Minimum Overlap (bp): Defines how many base pairs of overlap are required to count a region as a "hit". The default is 1 bp, which is sufficient for most analyses. Increase this value if you require stricter spatial concordance.

Analysis Parameters Interface — Configure genomic coordinate system and overlap stringency.

5) Submit Analysis Job

Click Start Enrichment Analysis. You will be redirected to the Results page and an unique Job ID will be generated. Save this ID or bookmark the page to retrieve your results later if you close the browser.

6. Interpreting Results

Once your analysis is complete, RegRegSEA presents a table of enriched regulatory sets ranked by their significance.

Understanding the Metrics

Normalized Enrichment Score (NES): The primary statistic for comparing results. A positive NES means the regulatory set is enriched at the top of your ranked list (e.g., associated with hyper-methylation or open chromatin), while a negative NES means enrichment at the bottom.
FDR (q-value): The estimated False Discovery Rate. We recommend an FDR < 0.05 as a standard cutoff for significance.

Visualizing Top Enriched Sets

RegRegSEA provides an interactive interface to generate a bar plot of the most highly enriched region sets.
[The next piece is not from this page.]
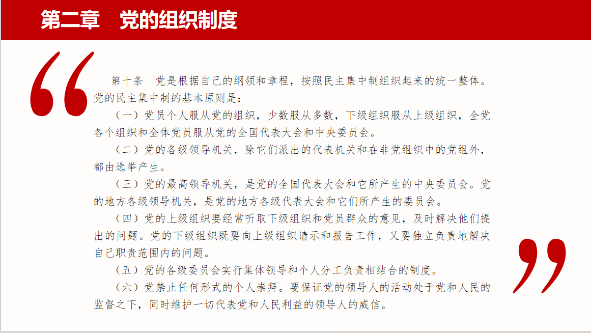 活动第三项,集体学习党章。本次党日活动学习党章第二章:《党的组织制度》。党是根据自己的纲领和章程,按照民主集中制组织起来的统一整体,要求党的各级组织严格执行少数服从多数、下级服从上级的原则,确保党的决定和政策得到有效执行。着重强调党禁止任何形式的个人崇拜,要保证党的领导人的活动处于党和人民的监督之下,维护一切代表党和人民利益的领导人的威信。同时,党组织要重视自身建设,经常检查和讨论各项工作,以保持党的先进性和纯洁性。作为学生党员,在今后的学习工作中,我们要严格遵守党的组织制度,认真履行党员义务,积极参与党内生活,做到个人服从组织,少数服从多数,下级服从上级,展现出学生党员的良好形象。
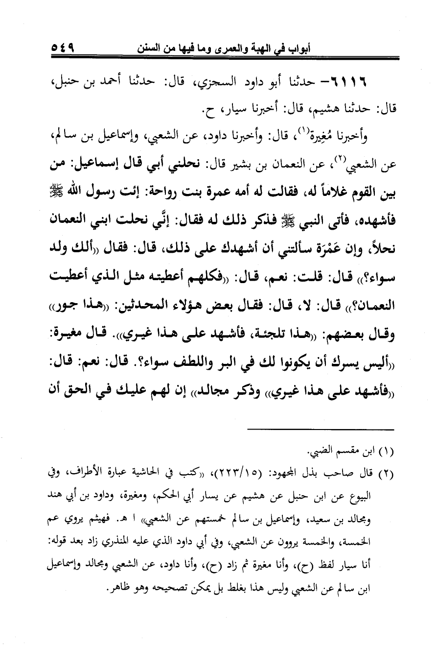 وأخبرنا مُغِيرة (¬1)، قال: وأخبرنا داود، عن الشعبي، وإسماعيل بن سالم، عن الشعبي (¬2)، عن النعمان بن بشير قال: نحلني أبي قال إسماعيل: من بين القوم غلامًا له، فقالت له أمه عمرة بنت رواحة: ائت رسول الله صلى الله عليه وسلم فأشهده، فأتى النبي صلى الله عليه وسلم فذكر ذلك له فقال: إنَّي نحلت ابني النعمان نحلًا، وإن عَمْرَة سألتني أن أشهدك على ذلك، قال: فقال "ألك ولد سواء؟ " قال: قلت: نعم، قال: "فكلهم أعطيته مثل الذي أعطيت النعمان؟ " قال: لا، قال: فقال بعض هؤلاء المحدثين: "هذا جور" وقال بعضهم: "هذا تلجئة، فأشهد على هذا غيري". قال مغيرة: "أليس يسرك أن يكونوا لك في البر واللطف سواء؟. قال: نعم: قال: "فأشهد على هذا غيري" وذكر مجالد" إن لهم عليك في الحق أن

You can customize the visualization using the following controls:

Plotting Interface — The interactive plotting interface controls.
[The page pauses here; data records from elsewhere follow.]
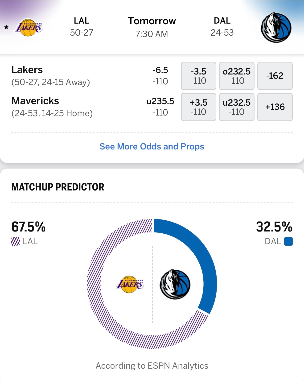 明天7:30,客战独行侠,老詹独自带队,缺少东里刚的湖人……
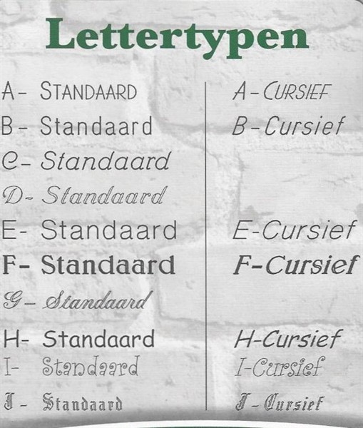 Messing naambordje wordt aan de voorzijde gegraveerd en zwart ingelakt.  De tekst wordt gecentreerd. U kunt kiezen uit verschillende lettertype ( zie onder)
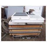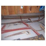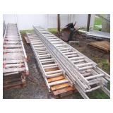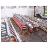 Ladders: 2 - 40' wood, 2 - 38' wood, 44' aluminum, 3 - 36' aluminum, 60' aluminum, 32' aluminum, 2 - 28' fiberglass, 3 - 24' fiberglass, 24' aluminum, 44' power ladder, 16" wide x 16' aluminum pick, 12" x 16' walk boards, 12" x 20' walk boards, 28' aluminum, 10' step ladder (fair). |
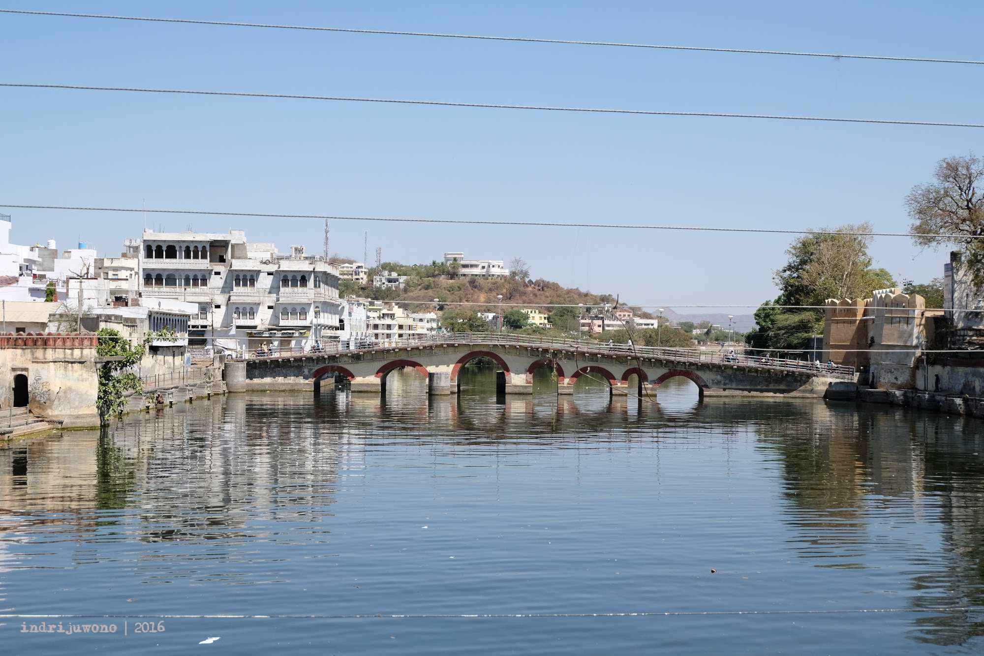 Sepeninggal dari museum ini, kami menuju jembatan yang menyeberangi danau Pichola untuk melihat kota dari seberang. Kebanyakan di tengah sini digunakan sebagai restoran, namun tak sedikit yang duduk-duduk di tepiannya. Yang menyenangkan dari Udaipur adalah kota ini cukup bersih, dan tidak banyak pengemis dan peminta-minta seperti kota lainnya sehingga turis bisa menikmati lokasi-lokasi ini dengan santai dan nyaman. Kalau punya waktu lebih lama lagi, nyaman sekali menulis di sini sembari diterpa semilir angin danau.

Top N Sets: Choose how many top region sets to display (default: 20).
FDR Cutoff: Filter out results that do not meet the specified significance threshold.
Only top set for each TF: If enabled, the plot shows only the single most enriched region set for each Transcription Factor, reducing redundancy.
Only Positive NES: Useful if your biological question focuses only on one direction (e.g., identifying factors associated with chromatin opening).

Running Enrichment Scores & Leading Edge Regions

Select a region set from the enrichment results table and click the "Plot Running ES" button to generate a Running Enrichment Score plot. This visualizes the running sum of the enrichment score across your ranked list of input regions for a region set of interest.

The Leading Edge Regions (highlighted in red) are the subset of genomic regions that contribute most to the enrichment signal (the "hits" appearing before the Enrichment Score reaches its peak). These represent the specific loci where the regulatory factor is likely active and associated with your phenotype.

The leading edge regions can be downloaded in BED format for downstream analyses, such as integration with gene expression data, motif discovery, or visualization in a genome browser.

7. Citation

If you use RegRegSEA in your research, please cite:

RegRegSEA: A Webserver for Regulatory Region Set Enrichment Analysis of Epigenomic Data

as well as the respective region set databases used in your analysis.